“Just because something is secure doesn’t mean it is necessarily safe.” - Casey Crane Click To Tweet
The S in HTTPS doesn’t always mean safe. In this episode, I talk with Casey Crane about trust and encryption. We discussed many practical ways for you to avoid being a victim of a scam. Prevention and knowledge can help stop many attacks before they even begin.
Casey Crane is a cybersecurity writer for Hashed Out at The SSL Store. Casey is a regular contributor to Hashed Out with 10+ years of experience in journalism and writing, including crime analysis and IT security. She also serves as a Content Marketer at The SSL Store. She has bachelor’s and master’s degrees in mass communications (in journalism and media studies) from the University of South Florida and USF St. Petersburg. Casey is passionate about data privacy and wants to educate others about encryption because it plays such an integral role in our daily lives (even though many people don’t know it!).
We talk about trust and encryption and best practices for protecting you, your family, and your business. We specifically discuss what you need to look for before clicking on a link or downloading anything. We talk about different types of SSL certificates and how to figure out which one would be the best fit for your website. This episode will help you figure out if you need an SSL certificate and reputable and trusted sources that can help.“Criminals want to make this as easy as possible for themselves to save time and make the most profit or achieve their agenda most quickly” - Casey Crane Click To Tweet
- [00:35] – Casey works at the SSL Store as a content writer for the website and Hashed Out.

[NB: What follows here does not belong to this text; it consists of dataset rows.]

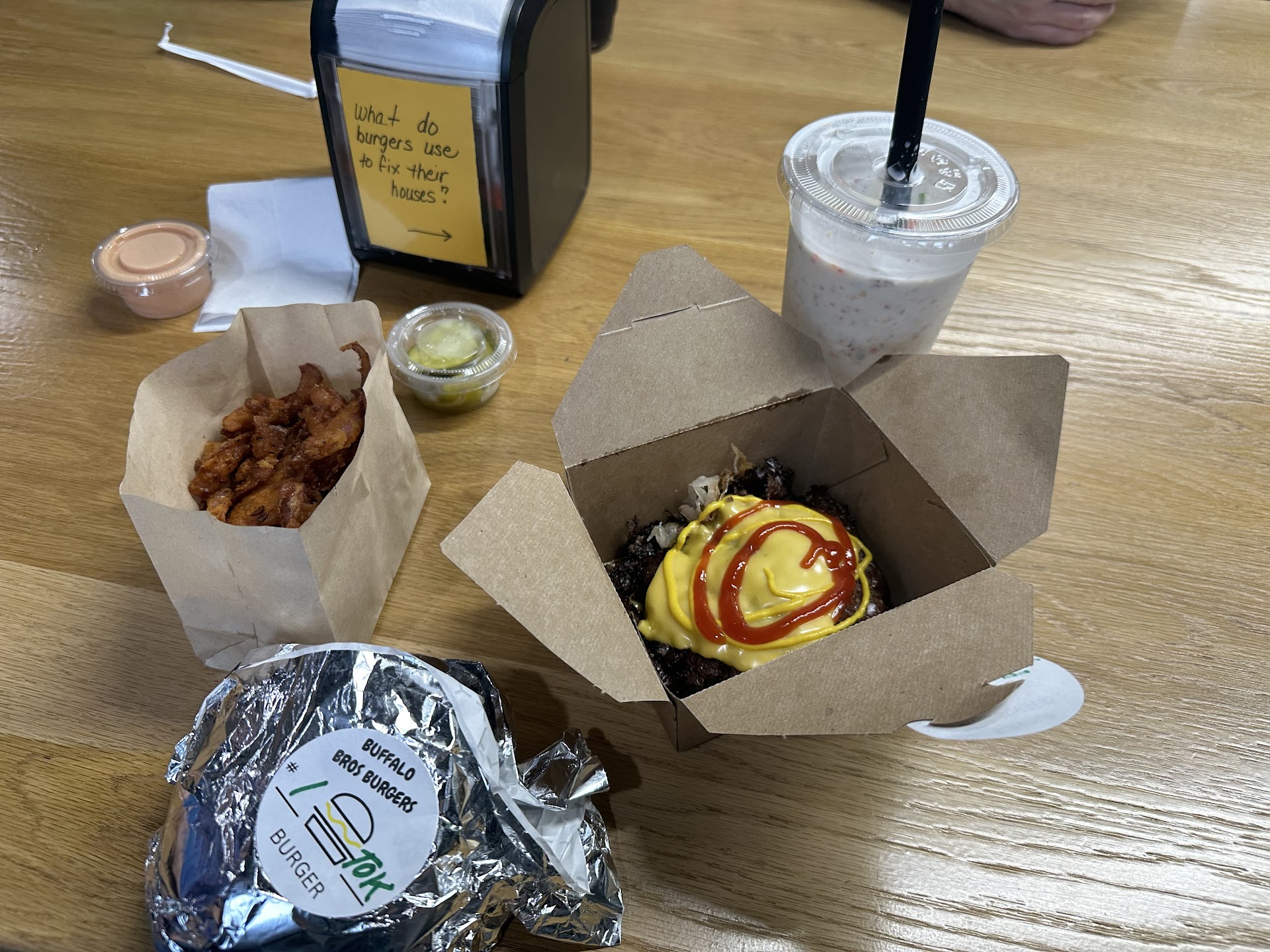 Read moreWe were finally able to stop by the newly opened Burger Bros brick and mortar location. Great news since the last few times we tried to get food from them their food trucks had just sold out. It seems their new shop is doing great and we were happy we came. We ordered burgers, Oklahoma style, a fruity pebbles shake and bro-onions which are crispy onion rings made like a blooming onion. Everything was perfect and delicious. Burgers are smash burger style, thin and crispy, the Oklahoma is some thinly sliced onions cooked in the burger. Not overwhelming onion flavor but just the right amount. The burger also had sweet pickles which were a nice touch and not too sweet. The fruity pebbles shake had just enough flavor and was reminiscent of cereal and milk. The key here was they found the perfect consistency and the right straw shape so you could enjoy the right amount immediately.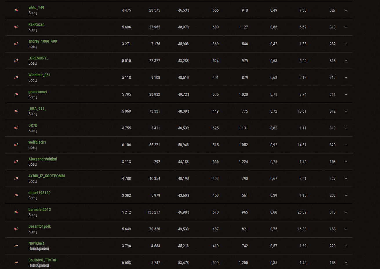 Поздравьте мене, анончики! Мои первые три отметки. Сначала думал качельки будут, особенно предпоследний бой напряг, когда 0,02%, думал все, назад все скрутят. Но, еще один бой, и с минимальным преимуществом таки осилил. >Леха, 6к ммр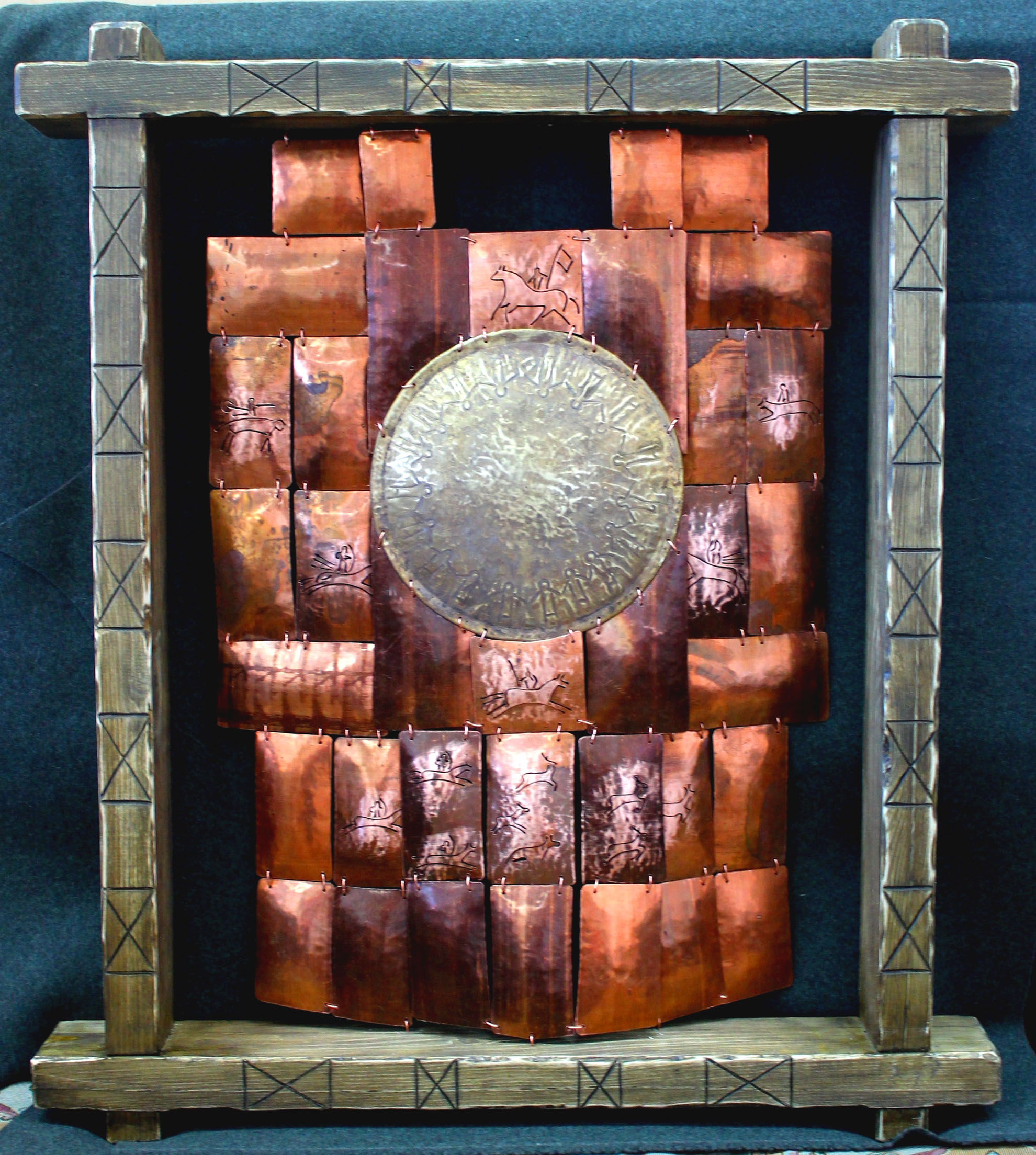Декоративное панно_ Украшение прошлого_ Металл, дерево, конский волос, бусы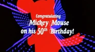 - On some, if not all, of Disney's 1978 theatrical releases, this logo appeared as a solid red Mickey with purple dashed outlines surrounding it, rotating a bit faster than the home video variant. The text "Congratulating Mickey Mouse on his 50th Birthday!", in white and in a fancy font, zooms in. After a few seconds, it zooms in towards the screen until vanishing from sight, and the top and bottom halves of the 1978 "Stripes" variant of the Buena Vista logo are wiped in over the logo, opening the film. Three films known to have this special introduction are Hot Lead and Cold Feet, The Cat from Outer Space and Return to Witch Mountain (it is intact on current releases of The Cat from Outer Space without the music but the Anchor Bay DVD doesn't have it; while the soundtrack for Return to Witch Mountain has the music that would've played over it, but it doesn't appear on current releases of the film).

- [01:17] – She wrote her master thesis on the relationship between serial killers and the media in terms of how they are represented. She has always had a keen interest in learning more about crime and criminal elements and it just transitioned over time into the realm of technology and cybersecurity.

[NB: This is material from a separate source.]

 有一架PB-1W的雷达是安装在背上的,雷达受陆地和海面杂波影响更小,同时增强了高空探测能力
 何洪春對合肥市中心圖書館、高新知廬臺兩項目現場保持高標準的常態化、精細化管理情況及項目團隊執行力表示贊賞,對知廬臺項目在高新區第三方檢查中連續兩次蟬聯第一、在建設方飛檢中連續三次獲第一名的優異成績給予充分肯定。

- [03:22] – What are HTTPS and SSL certificates?
- [04:15] – HTTPS is an encrypted communication channel between one party to another. Passwords and personal information are encrypted.
- [05:59] – Domain validated means that the person who requested the certificate gets an email. The email typically has a link or some files they need to upload to and that is about it. Organization and extended validation are two levels of validation above that.

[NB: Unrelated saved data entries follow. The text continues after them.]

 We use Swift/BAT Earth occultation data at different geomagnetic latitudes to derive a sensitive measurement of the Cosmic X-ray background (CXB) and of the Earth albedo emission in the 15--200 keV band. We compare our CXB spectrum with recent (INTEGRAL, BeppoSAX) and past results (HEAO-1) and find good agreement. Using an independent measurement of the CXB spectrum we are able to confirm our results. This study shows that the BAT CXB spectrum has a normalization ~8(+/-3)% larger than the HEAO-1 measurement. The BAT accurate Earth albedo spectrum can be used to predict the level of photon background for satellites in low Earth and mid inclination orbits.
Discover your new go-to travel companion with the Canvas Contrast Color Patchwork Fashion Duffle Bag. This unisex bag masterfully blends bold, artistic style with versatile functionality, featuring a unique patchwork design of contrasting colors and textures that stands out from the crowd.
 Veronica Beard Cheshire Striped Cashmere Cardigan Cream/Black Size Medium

- [07:29] – The Anti-Phishing Working Group reported nearly three-quarters of websites that were phishing websites used an SSL or TSL certificate.
- [08:21] – There are Unicode domains which basically pull from different languages, character, numerals, and signs. Those are now being used in web domains.
- [09:25] – Criminals tend to go for the lowest hanging fruit. They want to make this as easy as possible for themselves to save time and make the most profit or achieve their agenda quickest.
- [09:50] – If you get an email before you actually click on anything check the header in the email and see who the email is coming from. Check that the email and name match. Often the email is off by one letter or digit.
- [12:59] – Scams often create some sort of feeling of urgency, curiosity, fear, or concern so people are motivated to want to answer that email quickly by clicking on the link or calling a provided number.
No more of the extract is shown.